His mother laughed. “It was during Halloween. Good grief. Who knew I’d scar you for life by offering you a snickerdoodle? I can just hear that conversation with your therapist now. ‘Oh, Doctor, it was so awful. There I sat as a little innocent child, playing my video games on my little baby tummy, when all of a sudden, my mean, awful mama, who’d just come off a thirty-six-hour shift at the hospital, who had driven two and a half hours to get home so that she could finish sewing up my Gene Simmons costume for trick-or-treating after my daddy had accidentally sewed the sleeve shut, and bake me some mummy dogs and snickerdoodles, offered me one.’” She held the back of her hand to her forehead. “‘Oh the humanity, Doctor. Oh the humanity I have seen. You just don’t know my pain. You. Just. Don’t. Know.’”

She gave Kody and Nick a droll stare. “I’ll bet if you tried to give him a snickerdoodle today, he’d scream like a girl and run for cover.” She paused and narrowed her eyes. Then a wide smile broke across her face. “I know what I’m making for dinner.” She grinned at Bubba. “You got any cinnamon in your kitchen, Bugaboo? Or is it all half-empty cereal boxes and Snickers like normal?”

“I got a loaf of bread and some peanut butter, too.”

She rolled her eyes. “Oh I’m so sorry, honey. I didn’t mean to insult you.” Her voice shook with laughter and sarcasm.
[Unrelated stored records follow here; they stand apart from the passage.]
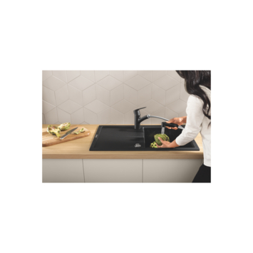 De GROHE Start keukenkraan lage uitloop mat zwart heeft een vernieuwd design en sluit nog beter aan bij een modern keukenontwerp. Uitgevoerd in een minimalistische stijl in de kleur in Matte Black (mat zwart) past deze blikvanger perfect in een industrieel interieur. De lage uitloop draait soepel 140° zodat je geniet van optimale flexibiliteit bij de spoelbak zonder dat je tegen een muur of keukenkastje aan stoot. De GROHE SilkMove cartouche garandeert een vloeiende bediening van de eengreeps hendel gedurende de hele levensduur van de kraan. Via de instelbare debietbegrenzer ga je milieubewust om met je waterverbruik, en de ingebouwde temperatuurbegrenzer voegt daar nog een energiebesparende functie aan toe. Het water uit deze keukenkraan is heerlijk van smaak; GROHE Zero voorkomt namelijk dat het water in de kraan in contact komt met lood en nikkel. Het vervangen of schoonmaken van de mousseur is heel gemakkelijk, want je draait deze in een mum van tijd los met een muntje. De duurzame GROHE Long-Life Finish beschermt de mat zwarte afwerking tegen krasjes en maak je met een droge doek makkelijk schoon. Deze keukenkraan heb je met behulp van de QuickGuide en QuickVideo (via QR-code) en het GROHE QuickMount-montagesysteem zonder gereedschap in een mum van tijd gemonteerd.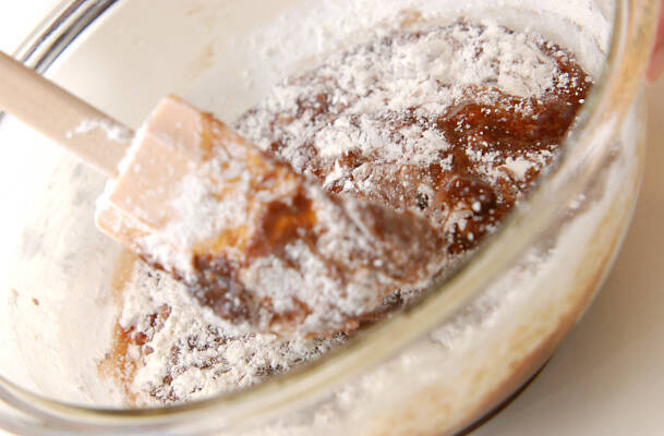 振るっておいた粉類、クルミを加え、ゴムベラで切るように混ぜ合わせる。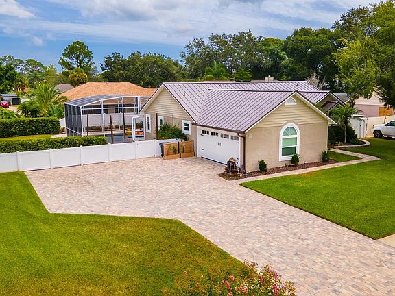 Discover the epitome of luxury living in this immaculate Port Orange pool home! With contemporary upgrades galore and an expansive outdoor entertaining space, this home is sure to impress! Step inside to the remodeled kitchen with quartz countertops, touch faucet and an island with built-in microwave. The living room is spacious and inviting, highlighted by a beautiful floor-to-ceiling brick fireplace and skylights with remote blinds. Step through impact sliding doors (2020) into your expansive outdoor oasis, complete with pavers and vinyl fence with lighting creating incredible ambiance for your family gatherings and pool lounging. Screened-in pool was resurfaced (2016) and has new variable speed pool pump (2024). Luxuriously remodeled bathrooms offer quartz countertops and digital shower display. Peace of mind provided with the new metal roof (2023), impact windows/sliders (2020), 18 Seer Heat Pump A/C (2018), garage mini split A/C (2020), impact windows and sliding doors, insulated garage door (2020), upgraded sprinkler system to reclaimed water (2018), electrical panel with generator hookup (2022), recessed LED lighting, RO water system and alarm system. Three bedrooms all include built-in closet organizers.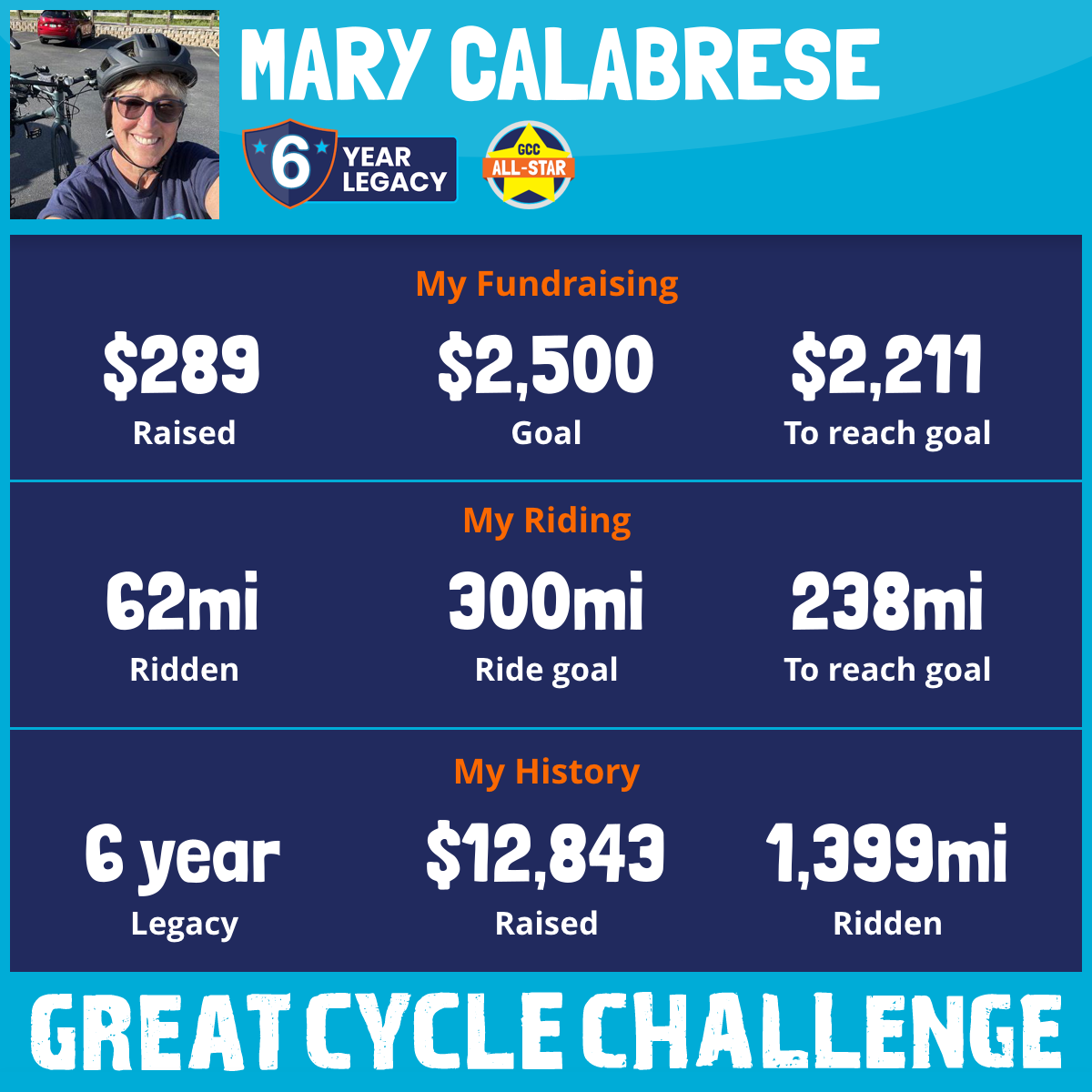 This September, for the 6th year, I'm riding in the Great Cycle Challenge to fight kids' cancer!

Nick laughed. “I like your mama, Bubba. She’s a lot of fun.”

“That’s ’cause she’s not busting
your
chops. As my dad would say, she’s like a head injury. Only funny when it happens to somebody else.”
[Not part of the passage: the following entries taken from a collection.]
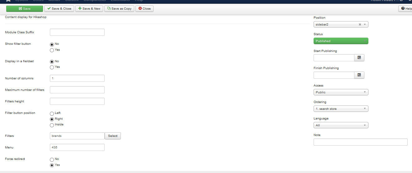 You have such module displayed under the category listing menu ; but you do not provide his configuration (which is available just below the category listing menu configuration page).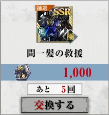 シーンカードを変換した時や限定ショップで購入したアイテムと交換できる。 オススメはRの各種Rユニット五個、特に何かと不足しがちなMS変換パーツα10個に変換できるグレイズ(アーレス所属機)【9.8mバトルアックス】[1290201]は毎月忘れずに交換したい。 他にはSSRのPLT交換チケット(特典)も良いのだが必要枚数が多いので厳しいかもしれない。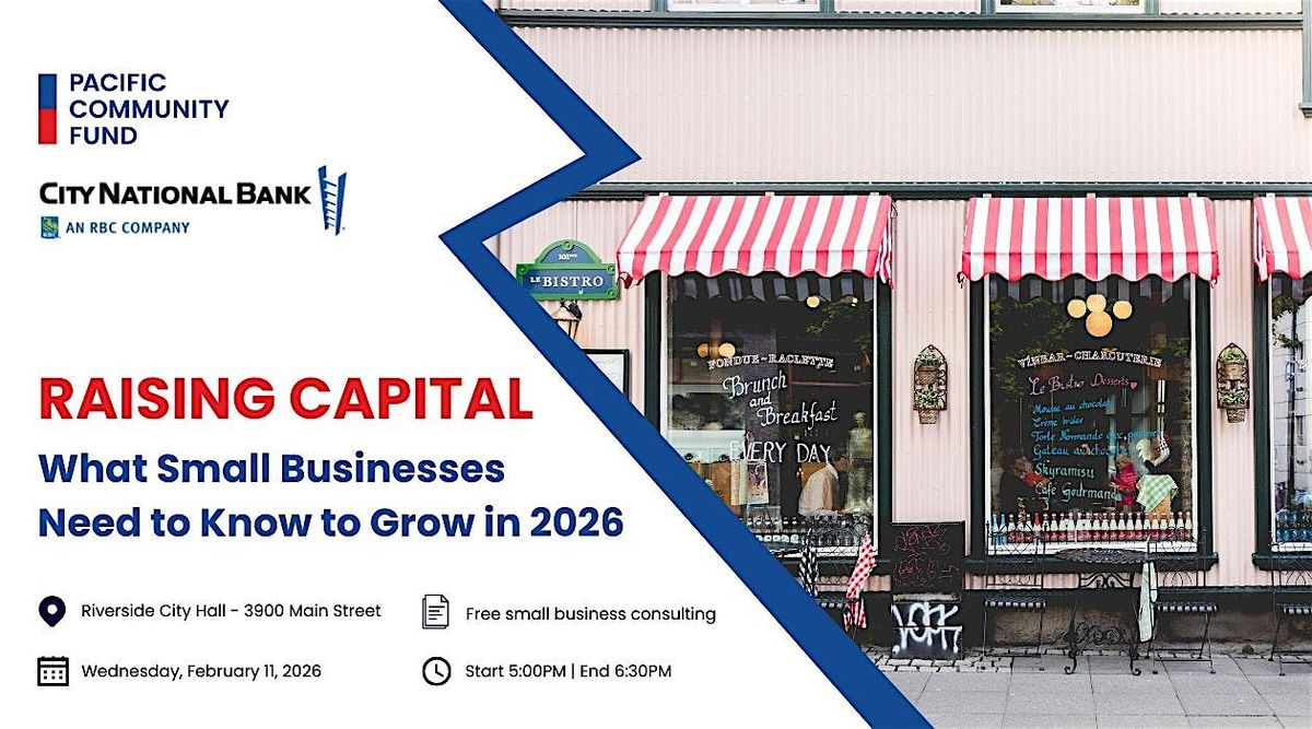 In partnership with City National Bank, Pacific Community Fund (PCF) invites small business owners in the Inland Empire to join us on Wednesday, February 11, for a presentation on raising capital and what to know to grow your business in 2026.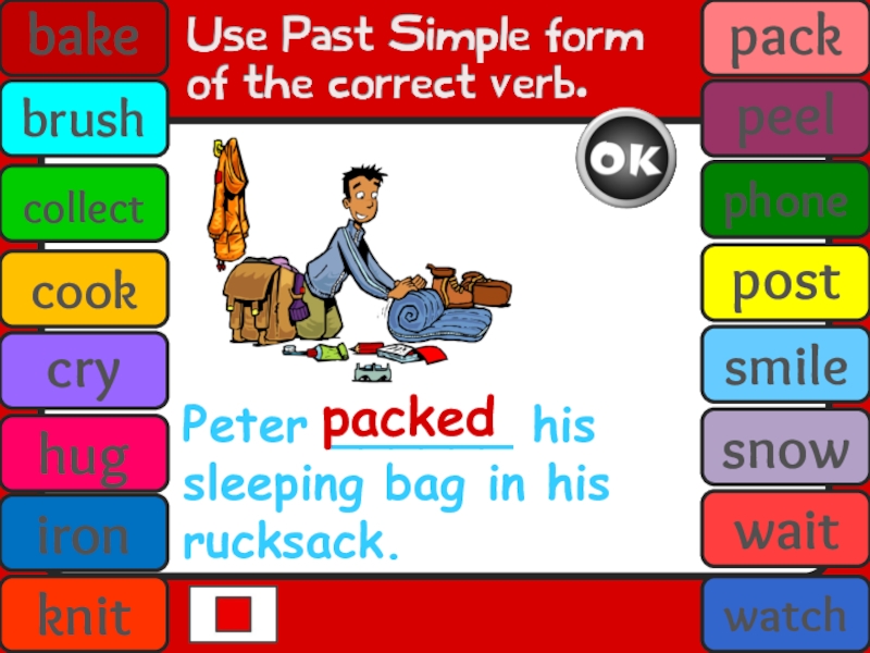Peter ______ his sleeping bag in his rucksack.packedbakebrushcollectcookcryhugironknitpackpeelphonepostsmilesnowwaitwatch

He wouldn’t argue that. No one was immune from the blistering tongue of maternal criticism. But Nick wanted to return to something Bubba’s mom had mentioned that he hadn’t known about Bubba. Something he just couldn’t wrap his mind around. “Did you really play football?”

Bubba shrugged nonchalantly. “For a little while.”
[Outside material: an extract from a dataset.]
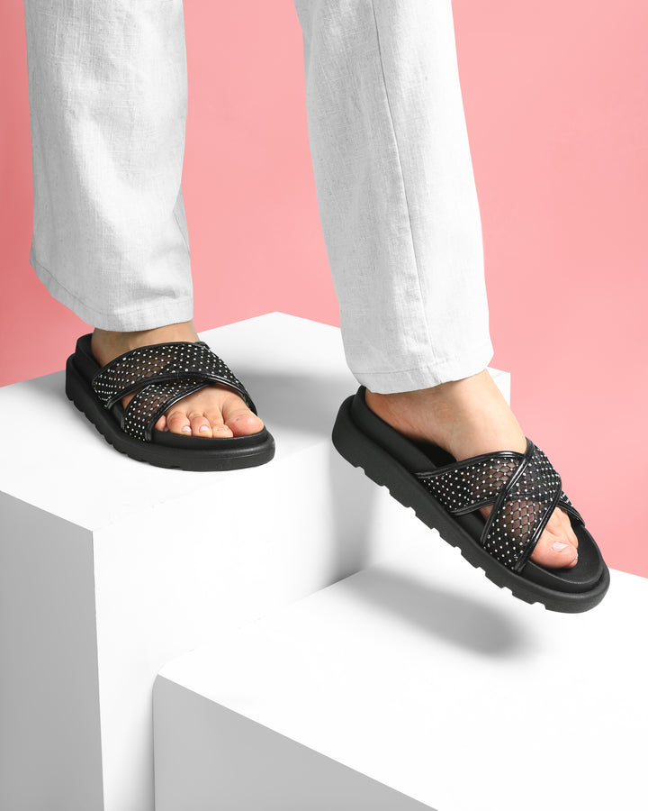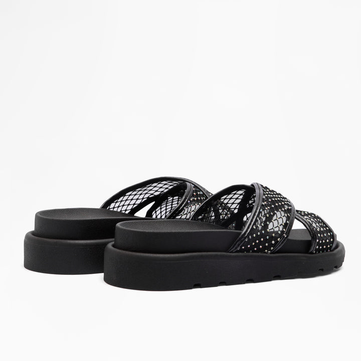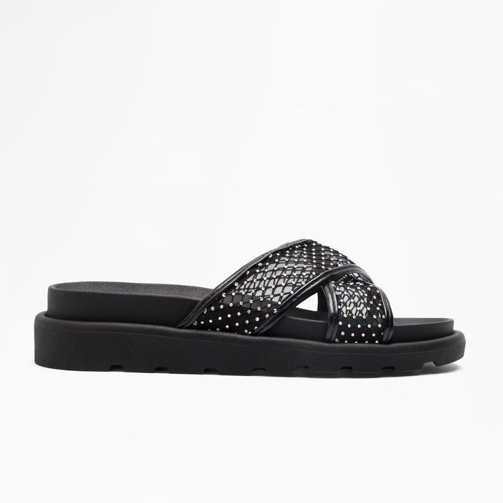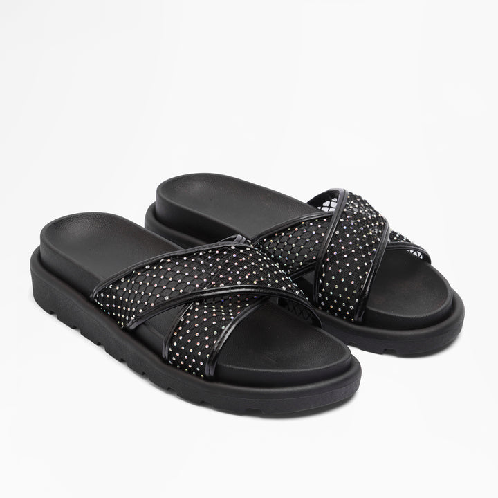 Elevate your casual footwear with the Sparkle Cross-Strap Slides in Black. Designed for both comfort and style, these slides feature a sleek cross-strap silhouette that ensures a secure fit. The subtle sparkle detail adds a refined touch, making them versatile for day-to-night wear. Ideal for effortless pairing with various outfits, they provide reliable support and a modern aesthetic for the discerning wearer.

“Little while, my pink patootie.” His mama turned her attention back to Nick and Kody. “Let me tell you about my baby boy, Nick. He was a first-string linebacker. One of the best you ever saw. When he wasn’t blowing stuff up around the house conducting bizarre experiments,” she glanced sideways at Bubba, “like the time he tried to launch the TV into space for the aliens to see—”

“Mama, I was four years old, let it go already. Dang … Do something stupid around your mama, one time, when you’re four years old and you never live it down.”

She ignored his interruption. “… He had a football in his hands and was leaving everybody in his wake. No one could catch him. The people who knew better than to mock him used to call him Battleground Bulldozer Burdette or Trip B for short. He had a full-blown football
and
academic scholarship to MIT, where he was one of their most valued players all four years he was there. He had offers to go pro and I don’t mean one or two teams. He was the number-one draft pick and was promised everything you can imagine if he’d sign. He could have played for any NFL team, anywhere.”